■ Task inputs:
··········

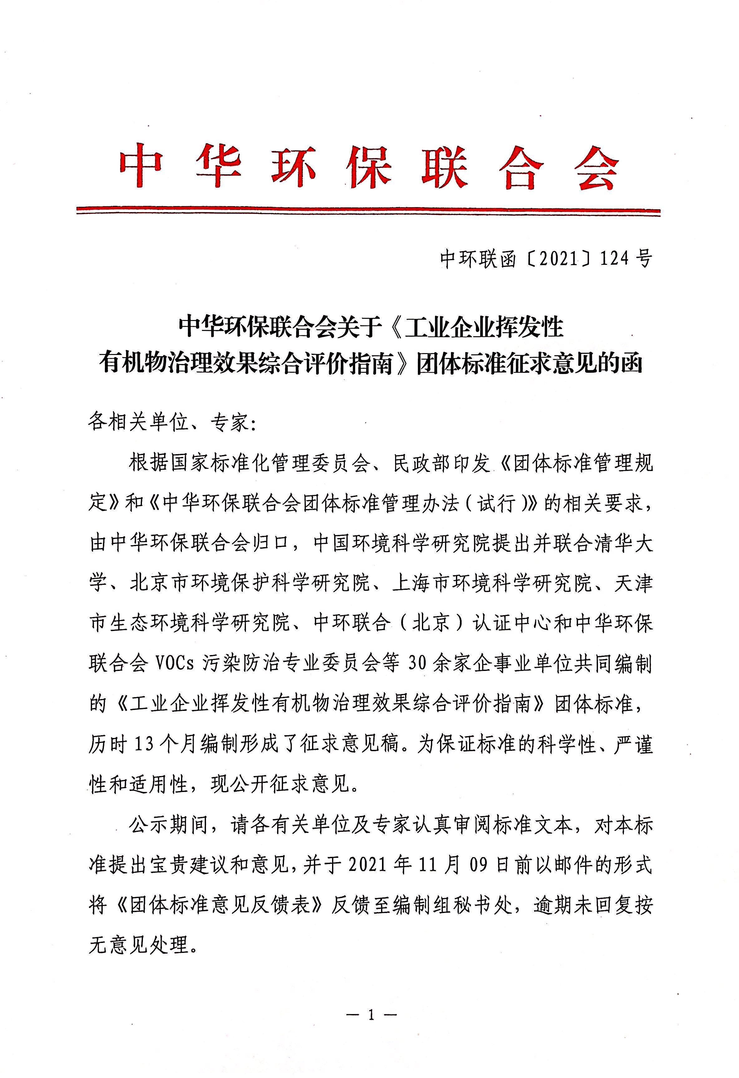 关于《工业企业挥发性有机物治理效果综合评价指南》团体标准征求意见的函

··········

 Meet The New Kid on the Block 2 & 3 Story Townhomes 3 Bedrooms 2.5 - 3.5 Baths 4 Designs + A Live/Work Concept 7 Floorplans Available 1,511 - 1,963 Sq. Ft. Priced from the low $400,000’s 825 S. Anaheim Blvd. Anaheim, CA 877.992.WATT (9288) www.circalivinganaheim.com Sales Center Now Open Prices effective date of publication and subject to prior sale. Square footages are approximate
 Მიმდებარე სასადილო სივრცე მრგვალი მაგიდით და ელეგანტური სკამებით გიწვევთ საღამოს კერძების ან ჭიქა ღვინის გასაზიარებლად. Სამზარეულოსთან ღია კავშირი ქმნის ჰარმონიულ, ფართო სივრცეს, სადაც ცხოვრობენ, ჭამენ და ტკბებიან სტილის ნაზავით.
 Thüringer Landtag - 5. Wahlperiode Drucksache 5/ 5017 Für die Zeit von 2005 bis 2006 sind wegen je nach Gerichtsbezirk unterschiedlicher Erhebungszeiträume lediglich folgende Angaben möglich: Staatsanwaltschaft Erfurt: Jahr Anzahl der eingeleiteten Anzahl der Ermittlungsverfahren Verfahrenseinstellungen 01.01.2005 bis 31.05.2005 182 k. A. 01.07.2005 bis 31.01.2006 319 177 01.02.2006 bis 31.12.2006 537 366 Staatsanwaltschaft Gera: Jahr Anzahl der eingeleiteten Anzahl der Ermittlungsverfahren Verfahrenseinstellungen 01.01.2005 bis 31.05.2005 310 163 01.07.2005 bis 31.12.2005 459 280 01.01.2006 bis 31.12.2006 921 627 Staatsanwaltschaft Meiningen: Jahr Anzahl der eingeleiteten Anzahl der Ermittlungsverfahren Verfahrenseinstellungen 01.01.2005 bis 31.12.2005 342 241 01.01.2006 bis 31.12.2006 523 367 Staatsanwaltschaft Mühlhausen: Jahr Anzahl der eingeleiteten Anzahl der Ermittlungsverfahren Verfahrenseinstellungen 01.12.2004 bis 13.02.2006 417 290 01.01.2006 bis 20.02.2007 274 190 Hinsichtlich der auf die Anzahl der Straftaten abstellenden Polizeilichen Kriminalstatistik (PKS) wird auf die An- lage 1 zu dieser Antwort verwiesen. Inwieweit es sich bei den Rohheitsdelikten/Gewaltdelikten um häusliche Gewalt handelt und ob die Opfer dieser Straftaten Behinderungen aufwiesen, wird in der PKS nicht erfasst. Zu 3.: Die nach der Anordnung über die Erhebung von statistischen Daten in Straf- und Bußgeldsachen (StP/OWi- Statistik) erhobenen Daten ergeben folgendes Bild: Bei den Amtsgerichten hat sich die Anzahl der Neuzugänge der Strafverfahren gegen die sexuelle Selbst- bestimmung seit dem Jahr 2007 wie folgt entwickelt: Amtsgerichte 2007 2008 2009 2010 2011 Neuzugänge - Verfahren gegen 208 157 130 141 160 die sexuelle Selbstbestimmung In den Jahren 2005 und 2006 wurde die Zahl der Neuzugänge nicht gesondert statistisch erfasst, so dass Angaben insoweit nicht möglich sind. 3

··········

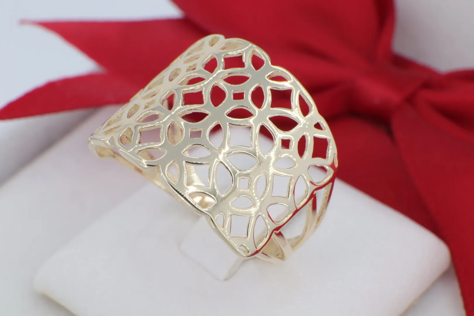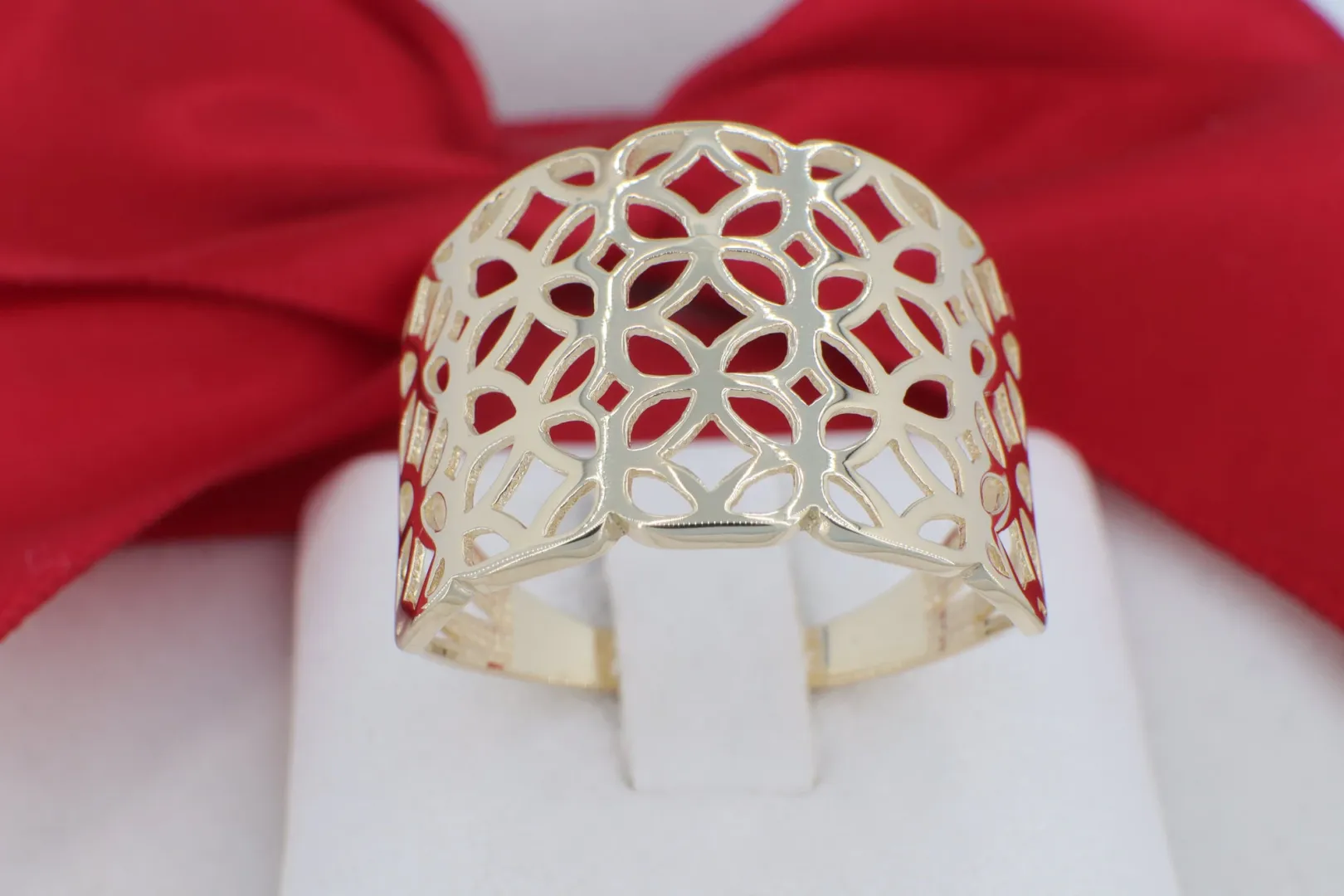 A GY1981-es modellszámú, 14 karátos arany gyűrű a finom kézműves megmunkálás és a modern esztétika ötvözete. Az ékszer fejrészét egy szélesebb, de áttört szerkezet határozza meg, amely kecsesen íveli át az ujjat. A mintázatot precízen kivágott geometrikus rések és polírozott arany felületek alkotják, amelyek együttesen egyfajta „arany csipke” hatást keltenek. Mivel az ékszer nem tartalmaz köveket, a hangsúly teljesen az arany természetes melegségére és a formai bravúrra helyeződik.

··········

■ Task: Out of the material above, output word for word the line with "Meet The New", the line with "Მიმდებარე სასადილო სივრცე", and all lines between them, with nothing else.

■ Completed task:
 Meet The New Kid on the Block 2 & 3 Story Townhomes 3 Bedrooms 2.5 - 3.5 Baths 4 Designs + A Live/Work Concept 7 Floorplans Available 1,511 - 1,963 Sq. Ft. Priced from the low $400,000’s 825 S. Anaheim Blvd. Anaheim, CA 877.992.WATT (9288) www.circalivinganaheim.com Sales Center Now Open Prices effective date of publication and subject to prior sale. Square footages are approximate
 Მიმდებარე სასადილო სივრცე მრგვალი მაგიდით და ელეგანტური სკამებით გიწვევთ საღამოს კერძების ან ჭიქა ღვინის გასაზიარებლად. Სამზარეულოსთან ღია კავშირი ქმნის ჰარმონიულ, ფართო სივრცეს, სადაც ცხოვრობენ, ჭამენ და ტკბებიან სტილის ნაზავით.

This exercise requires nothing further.